Diederik P. Kingma, Danilo J. Rezende, Shakir Mohamed, Max Welling
NIPS 2014 | arxiv |
Given paired data \(\\{(x\_i, y_i)\\}\_{1\leq i \leq N}\) with the labels \(y\_i\) in \(\\{1,..,L\\}\). The observations have corresponding latent variables \(z\_i\). The empirical distribution over the labelled and unlabelled subsets are denoted as \(\tilde p\_l(x,y)\) and \(\tilde p\_u(x)\). #### Latent feature discriminative model (M1): 1) Train an encoder/ generative model that provides a feature representation. 2) Train a separate classifier in the latent space. The generative model used is: \(p(z) =\mathcal N(z|0,I)\) with \(p\_\theta(x|z) = f(x;z,\theta)\). \(f\) is a suitable likelihood function whose probabilities are formed by a non-linear transformation \(\equiv\) deep neural network.
The features are set to the approximate samples from the posterior \(p(z|x)\) and a classifier such as transductive SVM (few unlabeled data near the margins) or multinomial regression is trained on this features. #### Generative semi-supervised model (M2): A probabilistic model that describes the data as being generated by a latent class variable \(y\) as well as the continuous latent variable \(z\): \(p(y) = Cat(y|\pi)\); \(p(z) = \mathcal N(z|0,I)\) and \(p\_\theta(x|y,z) = f(x;y,z,\theta)\)

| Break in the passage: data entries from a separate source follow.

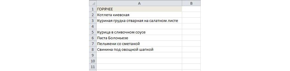 - Чтобы добавить еще одно значение, нужно воспользоваться вставкой пустой строки. Выделить ячейку с любым наименованием, на «Главной» клацнуть по «Вставить» — «Вставить строки на лист». На листе отобразится пустая ячейка, вписать туда название.
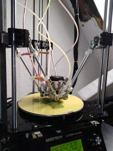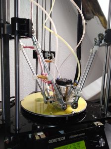 Es handelt sich dabei um einen Deltadrucker nach den Entwicklungen an einer Rostocker Uni „Delta Rostock/ Kossel“. Josef Prusa hat einst auch einen Kossel Delta an seinem Institut vorgestellt, weswegen ich es für eine gute Idee hielt, mir den Bausatz von Geeetech zu ordern. Meine 3D Druck-Kenntnisse waren jedoch vor 3 Jahren so beschränkt, dass ich mir weder unter dem Begriff Delta, noch Multifilament in Verbindung mit 3D Druckern irgendetwas vorstellen konnte.
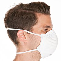 Die Atemschutzmaske FFP1 NR wird aus weißem Polypropylen angefertigt. Diese Maske verfügt über zwei Kopfbänder, einen biegsamen Nasenbügel sowie ein weiches Nasenkissen, wodurch ein guter Sitz und ein hoher Tragekomfort erreicht wird. Darüber hinaus ist die Atemschutzmaske FFP1 NR sehr haltbar. Bei dieser Maske handelt es sich um eine ergonomische Feinstaubmaske, die gut vor groben, gesundheitsgefährdenden trockenen Partikeln und Aerosolen (z. B. Holzschleifstäube, Quarzstaub, gröbere Allergene, Pollen) schützt.
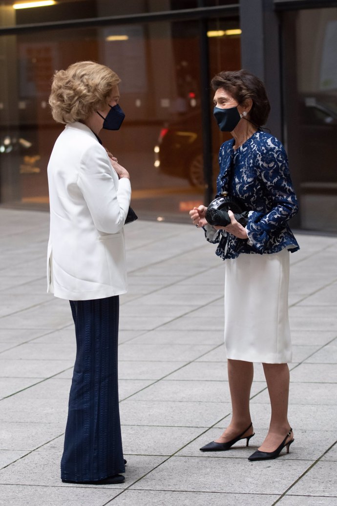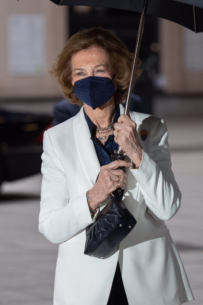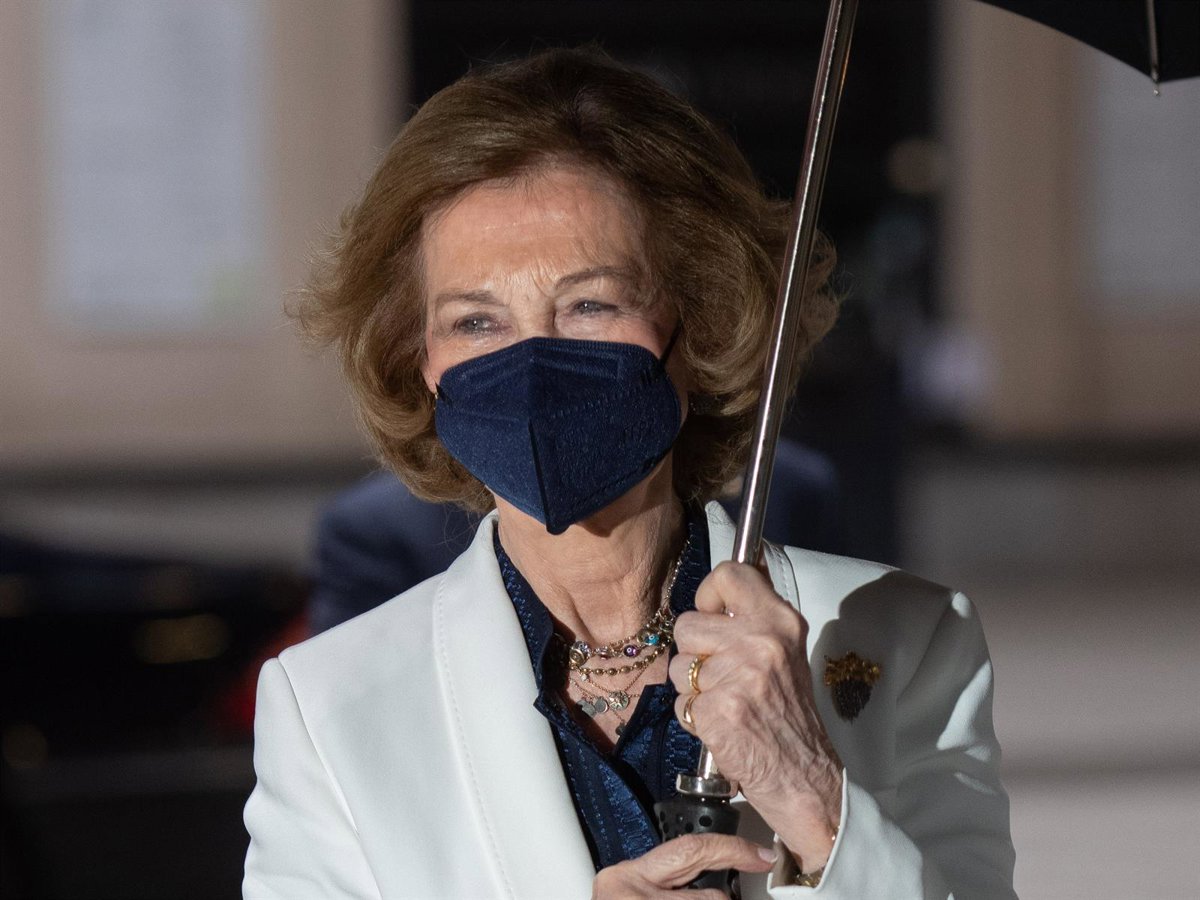Vacunada con la pauta completa contra la Covid-19, la reina Sofía tendrá que hacer frente a una agenda repleta de compromisos profesionales durante esta semana donde viajará el próximo viernes hasta Mérida para disfrutar de otro concierto en el Teatro Romano, con motivo de la celebración de las Ciudades Patrimonio.Con las primeras gotas de lluvia en Madrid, en esta ocasión la reina Sofía llegaba al concierto sin la compañía habitual de su hermana Irene y luciendo un conjunto de dos piezas en azul marino que combinó con blazer en blanco para protegerse de la bajada de temperaturas en la ciudad durante estos días y que ya le habíamos podido ver durante estos días en su país natal.
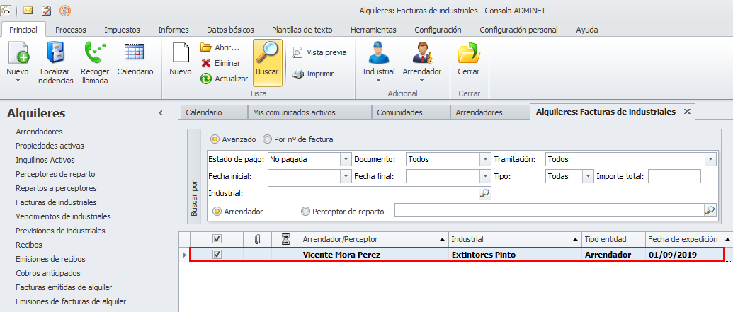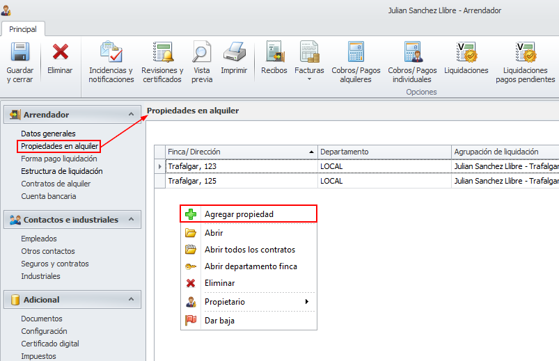 En el caso de seleccionar más de un arrendador o perceptor a la vez, se ajustan las opciones del menú Principal y las opciones del botón derecho del ratón para mostrar únicamente las que están permitidas para una selección múltiple.
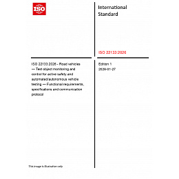 ISO 22133:2026 - Road vehicles — Test object monitoring and control for active safety and automated/autonomous vehicle testing — Functional requirements, specifications and communication protocol
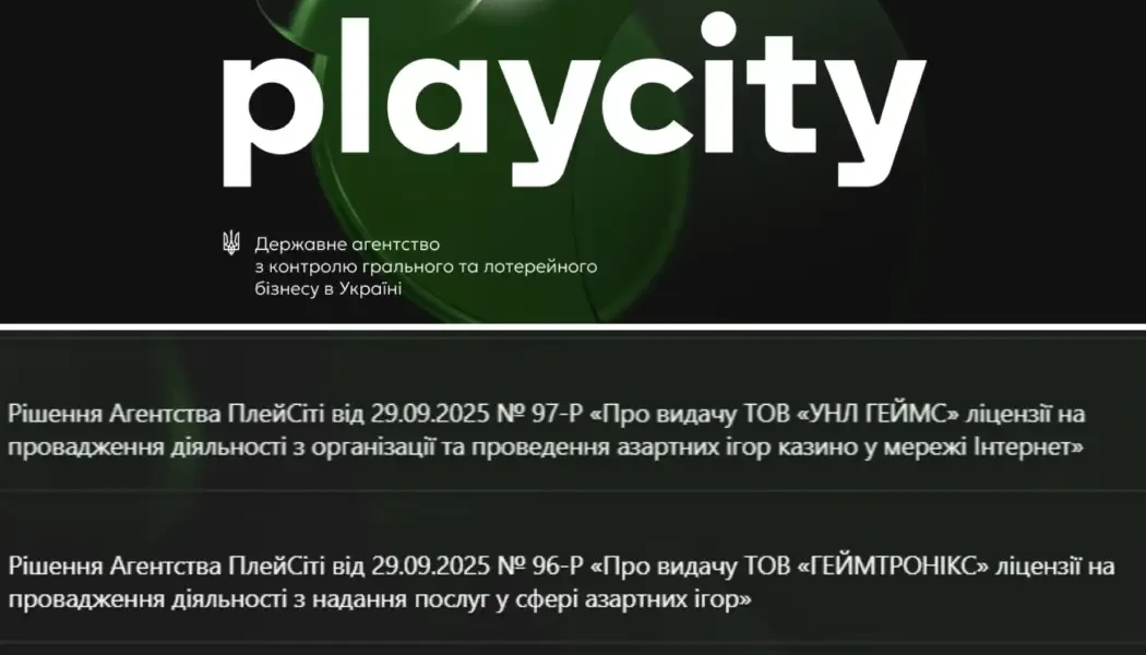 Національне агентство з питань регулювання азартних ігор і лотерей «ПлейСіті», яке було створено замість КРАІЛ у березні цього року, нарешті почало видавати перші дозволи на організацію азартних ігор. Відповідні рішення з'явились на офіційному сайті регулятора. Згідно з цими документами, нові дозволи отримали дві юридичні особи: ТОВ «УНЛ ГЕЙМС» та ТОВ «ГЕЙМТРОНІКС».
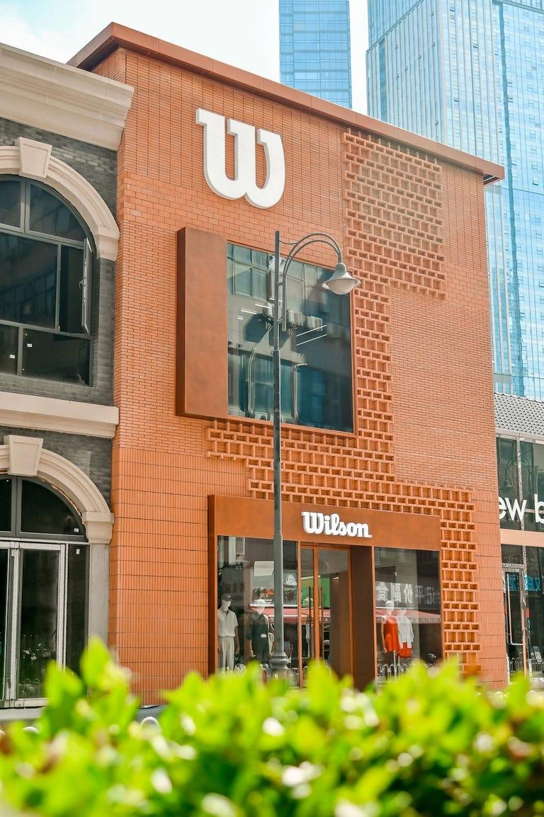 比如,今年 8月, 威尔胜在武汉 SKP 开出的 “Tennis 360” 砖阁概念店,门店外墙使用的红土色清水红砖,按照武汉当地传统民居建筑中使用的不同砌筑方式进行拼接,把美式网球俱乐部风格与武汉本土文化做结合。
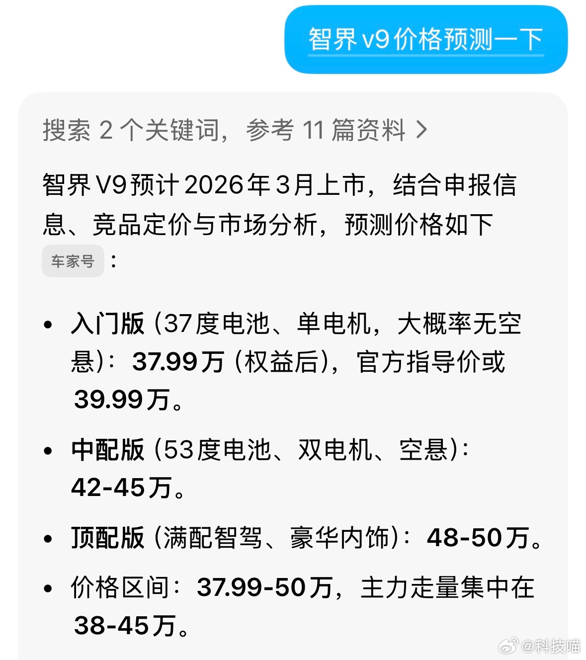这车卖多少钱起步比较合适?AI预测售价37.99–50万元。
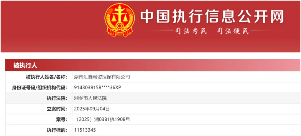 日前,據中國執行信息公開網、企查查官網披露,湖南匯鑫融資擔保有限公司(簡稱“匯鑫融擔”)成為被執行人,執行標的為11513345元,執行法院為湖南省湘潭市湘鄉市人民法院,立案時間為2025年9月4日。有媒體稱,這不僅折射出省唄業務體系潛在的風險挑戰,也在業內引發了關於助貸機構風險管控能力的廣泛討論。
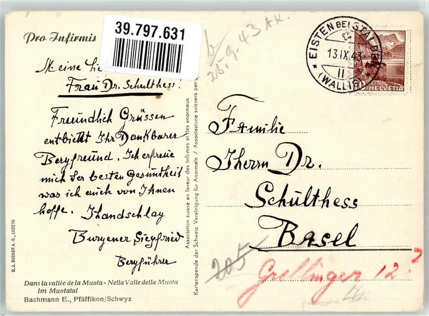 sign. Bachmann E. Almhütte Ziege Pro Infirmis Schweiz 1943 Künstlerkarte
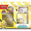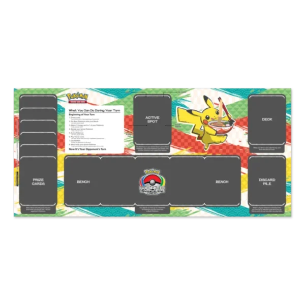 W zestawie znajdziesz gotową do gry mistrzowską talię. Do tego pięknie zdobione pudełko na talię. Uwaga w pudełku zmieścisz niezakoszulkowaną talię kart. Dodatkowo przypinkę z logo mistrzostw i moneta do gry oraz plakat i mata do gry.

\(Cat(y|\pi)\) is the multinomial distrib. and the class labels are treated as latent variable if the data point is unlabelled. ==The two latent variables are marginally independent==.
\[ q_\phi(z, y|x) = q_\phi(z|x)q_\phi(y|x)\]
specified as gaussian and multinomial distributions.
\[ M1: q_\phi(z|x) = \mathcal N(z | \mu_\phi(x), diag(\sigma^2_\phi(x))\\ M2: q_\phi(z|y, x) = \mathcal N(z | \mu_\phi(y,x), diag(\sigma^2_\phi(x));\:q_\phi(y|x) = Cat(y|\pi_\phi(x)) \]
The functions parameterized by \(\phi\) are represented as MLPs. For M1, the variational bound is:\[ -\mathcal J(x) = E_{q_\phi(z|x)}\left[\log p_\theta(x|z)\right] - KL[q_\phi(z|x)|| p_\theta(z)] \]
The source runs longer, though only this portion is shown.